#### WHAT YOU HAVE TO DO:
Reproduce the data exactly. Omit no record.

..........

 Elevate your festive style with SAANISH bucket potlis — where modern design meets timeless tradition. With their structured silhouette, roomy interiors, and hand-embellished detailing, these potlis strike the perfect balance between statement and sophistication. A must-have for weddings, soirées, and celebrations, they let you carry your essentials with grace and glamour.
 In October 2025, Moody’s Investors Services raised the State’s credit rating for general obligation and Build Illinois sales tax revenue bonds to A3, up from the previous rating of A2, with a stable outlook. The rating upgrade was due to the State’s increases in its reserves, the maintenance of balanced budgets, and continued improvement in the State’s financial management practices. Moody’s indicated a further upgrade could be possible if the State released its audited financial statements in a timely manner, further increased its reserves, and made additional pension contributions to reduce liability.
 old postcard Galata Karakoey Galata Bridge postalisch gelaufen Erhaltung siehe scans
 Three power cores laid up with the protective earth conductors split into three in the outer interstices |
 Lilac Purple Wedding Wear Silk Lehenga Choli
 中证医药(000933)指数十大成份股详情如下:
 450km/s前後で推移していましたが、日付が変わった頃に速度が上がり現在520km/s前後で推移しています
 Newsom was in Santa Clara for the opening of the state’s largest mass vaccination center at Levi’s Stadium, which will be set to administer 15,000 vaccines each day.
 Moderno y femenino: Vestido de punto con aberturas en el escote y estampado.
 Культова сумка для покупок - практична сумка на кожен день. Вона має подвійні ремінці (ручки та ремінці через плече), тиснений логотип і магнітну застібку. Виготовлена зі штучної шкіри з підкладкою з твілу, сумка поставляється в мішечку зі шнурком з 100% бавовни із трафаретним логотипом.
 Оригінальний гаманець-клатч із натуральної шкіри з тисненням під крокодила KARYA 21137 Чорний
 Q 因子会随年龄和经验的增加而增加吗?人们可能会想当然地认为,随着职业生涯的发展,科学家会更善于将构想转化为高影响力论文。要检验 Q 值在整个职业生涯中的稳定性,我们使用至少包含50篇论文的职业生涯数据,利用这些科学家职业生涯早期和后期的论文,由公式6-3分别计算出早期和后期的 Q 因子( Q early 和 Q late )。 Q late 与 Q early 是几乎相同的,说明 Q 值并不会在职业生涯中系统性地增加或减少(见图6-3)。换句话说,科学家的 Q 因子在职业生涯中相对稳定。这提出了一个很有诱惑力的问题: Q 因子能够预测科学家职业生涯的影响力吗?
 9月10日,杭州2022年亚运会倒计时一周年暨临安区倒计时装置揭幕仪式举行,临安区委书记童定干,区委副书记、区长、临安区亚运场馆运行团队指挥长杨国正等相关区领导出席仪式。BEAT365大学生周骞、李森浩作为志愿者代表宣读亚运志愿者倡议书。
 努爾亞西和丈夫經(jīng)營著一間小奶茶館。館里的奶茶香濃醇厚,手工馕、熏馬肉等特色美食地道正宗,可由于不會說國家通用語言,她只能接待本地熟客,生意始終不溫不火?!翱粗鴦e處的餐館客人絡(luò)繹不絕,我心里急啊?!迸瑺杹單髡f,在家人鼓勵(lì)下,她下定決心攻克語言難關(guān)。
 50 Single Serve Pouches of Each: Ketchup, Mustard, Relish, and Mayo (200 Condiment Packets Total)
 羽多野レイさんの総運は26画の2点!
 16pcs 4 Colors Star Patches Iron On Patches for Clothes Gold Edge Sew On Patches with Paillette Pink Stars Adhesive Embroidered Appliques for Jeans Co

..........

#### OUTPUT OF THE TASK:
 Elevate your festive style with SAANISH bucket potlis — where modern design meets timeless tradition. With their structured silhouette, roomy interiors, and hand-embellished detailing, these potlis strike the perfect balance between statement and sophistication. A must-have for weddings, soirées, and celebrations, they let you carry your essentials with grace and glamour.
 In October 2025, Moody’s Investors Services raised the State’s credit rating for general obligation and Build Illinois sales tax revenue bonds to A3, up from the previous rating of A2, with a stable outlook. The rating upgrade was due to the State’s increases in its reserves, the maintenance of balanced budgets, and continued improvement in the State’s financial management practices. Moody’s indicated a further upgrade could be possible if the State released its audited financial statements in a timely manner, further increased its reserves, and made additional pension contributions to reduce liability.
 old postcard Galata Karakoey Galata Bridge postalisch gelaufen Erhaltung siehe scans
 Three power cores laid up with the protective earth conductors split into three in the outer interstices |
 Lilac Purple Wedding Wear Silk Lehenga Choli
 中证医药(000933)指数十大成份股详情如下:
 450km/s前後で推移していましたが、日付が変わった頃に速度が上がり現在520km/s前後で推移しています
 Newsom was in Santa Clara for the opening of the state’s largest mass vaccination center at Levi’s Stadium, which will be set to administer 15,000 vaccines each day.
 Moderno y femenino: Vestido de punto con aberturas en el escote y estampado.
 Культова сумка для покупок - практична сумка на кожен день. Вона має подвійні ремінці (ручки та ремінці через плече), тиснений логотип і магнітну застібку. Виготовлена зі штучної шкіри з підкладкою з твілу, сумка поставляється в мішечку зі шнурком з 100% бавовни із трафаретним логотипом.
 Оригінальний гаманець-клатч із натуральної шкіри з тисненням під крокодила KARYA 21137 Чорний
 Q 因子会随年龄和经验的增加而增加吗?人们可能会想当然地认为,随着职业生涯的发展,科学家会更善于将构想转化为高影响力论文。要检验 Q 值在整个职业生涯中的稳定性,我们使用至少包含50篇论文的职业生涯数据,利用这些科学家职业生涯早期和后期的论文,由公式6-3分别计算出早期和后期的 Q 因子( Q early 和 Q late )。 Q late 与 Q early 是几乎相同的,说明 Q 值并不会在职业生涯中系统性地增加或减少(见图6-3)。换句话说,科学家的 Q 因子在职业生涯中相对稳定。这提出了一个很有诱惑力的问题: Q 因子能够预测科学家职业生涯的影响力吗?
 9月10日,杭州2022年亚运会倒计时一周年暨临安区倒计时装置揭幕仪式举行,临安区委书记童定干,区委副书记、区长、临安区亚运场馆运行团队指挥长杨国正等相关区领导出席仪式。BEAT365大学生周骞、李森浩作为志愿者代表宣读亚运志愿者倡议书。
 努爾亞西和丈夫經(jīng)營著一間小奶茶館。館里的奶茶香濃醇厚,手工馕、熏馬肉等特色美食地道正宗,可由于不會說國家通用語言,她只能接待本地熟客,生意始終不溫不火?!翱粗鴦e處的餐館客人絡(luò)繹不絕,我心里急啊?!迸瑺杹單髡f,在家人鼓勵(lì)下,她下定決心攻克語言難關(guān)。
 50 Single Serve Pouches of Each: Ketchup, Mustard, Relish, and Mayo (200 Condiment Packets Total)
 羽多野レイさんの総運は26画の2点!
 16pcs 4 Colors Star Patches Iron On Patches for Clothes Gold Edge Sew On Patches with Paillette Pink Stars Adhesive Embroidered Appliques for Jeans Co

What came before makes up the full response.